I say, "Al, cook me up some macaroni and cheese"
'Cause you know I like things that are many and boiled
And you know how I like it when your chest is all oiled

SOMEBODY PLEASE MAKE ME STOP. OR AT LEAST HELP ME LEARN SOME INTERNAL RHYME SKILLZ INSTEAD OF THIS AABBCC BULLSHIT

Thank you.

SOME SNIPPETS FROM THE ALGOREXTRAVAGANZA

*There were no refreshments. No cake shaped like Al Gore's head. No Goresicles. No Goreos.

* There was, however, an incredible lack of organization. There were two groups of people to see Al Gore; my sister and I were in the first, smaller (200 or so people) group. The organizers, and I use that term loosely, sort of just opened the floodgates to the venue (which, somewhat strangely, was the Swedish-American Museum on Clark). They checked to make sure you had a blue ticket and a book, but that was about it. Then everyone sort of crowded around the front of the museum, jockeying for position like at a rock show, while a lady with a very shrill voice explained the "event guidelines" to us THREE TIMES, despite the fact that we had all received them in a handout moments ago.
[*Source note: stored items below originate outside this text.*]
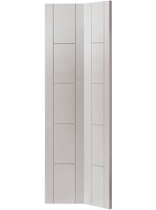 - Style: Contemporary White Painted Bi-folding Internal Door with 5 ladder style panels, grooved into MDF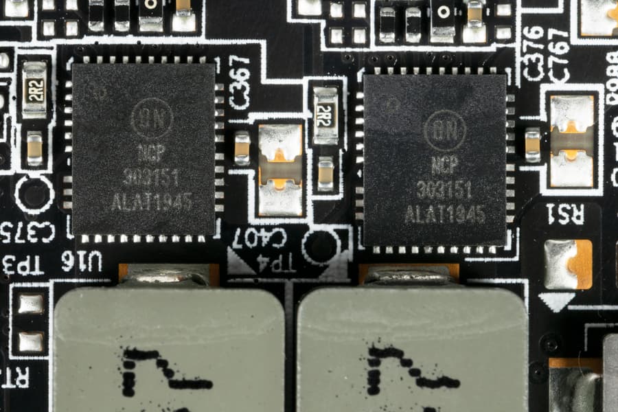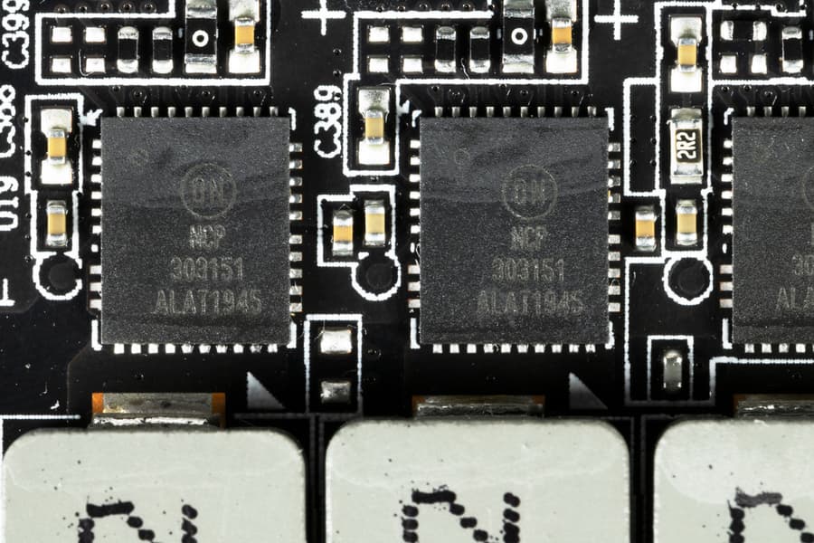 В преобразователе питания используются транзисторные сборки On Semiconductor — NCP303151, каждая из которых рассчитана максимум на 45 А.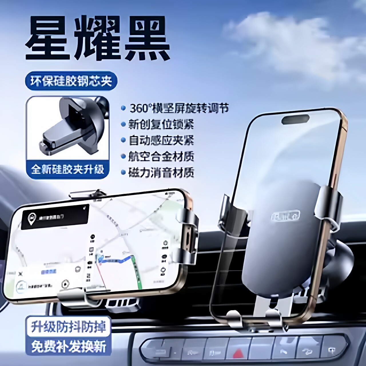 【顶配尾钩星耀黑】★横竖斜风口通用★一放夹紧★用坏换新★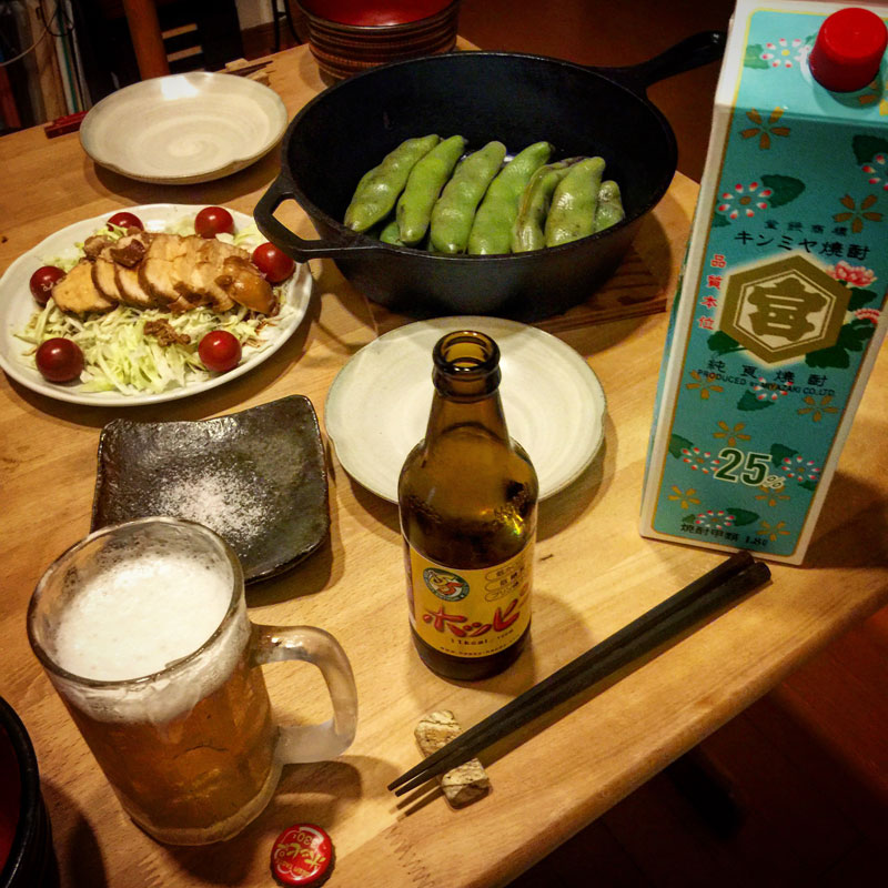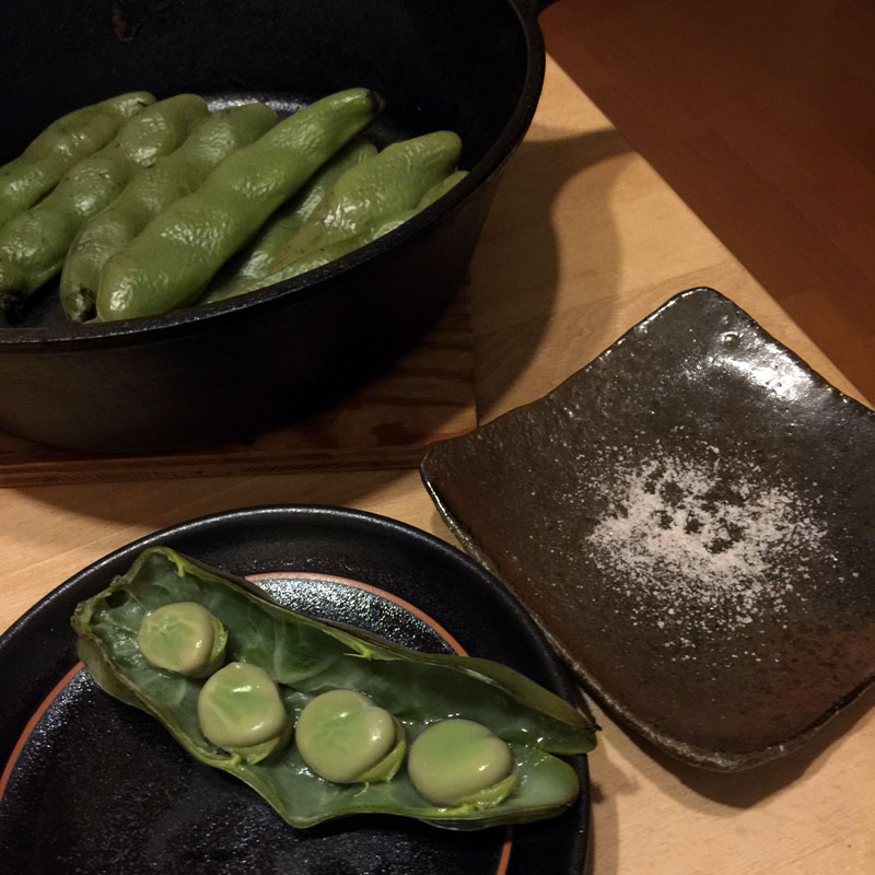 居酒屋我家、開店。ダッチオーブンで蒸したソラマメがトロトロ。ちょっと柔らかすぎるくらい。

It was annoying, but not overly so, because I was ready to Get My Gore On.

*Eventually Al and Tipper showed up to make their "remarks." Al looked fine in the standard political navy suit and reddish tie. He had really pink cheeks, probably from all the Scotch he was drinking backstage. (Just kidding! Oh, let's all get sued for libel! Oh goody, do let's! That will be ever so much fun!) (Where did that Little Women diction come from? I think I have a fever.)

*Al's remarks were kind of ranty. Not crazy-ranty, but sort of all over the place about the changes (good and bad) in the historical American family. The man sure likes his statistics. He also likes the word "astonishing." (As do I.) Tipper's remarks were much less interesting and more subdued, but maybe she gets tired having to stand there and fake like she is adoringly listening to Al all the time.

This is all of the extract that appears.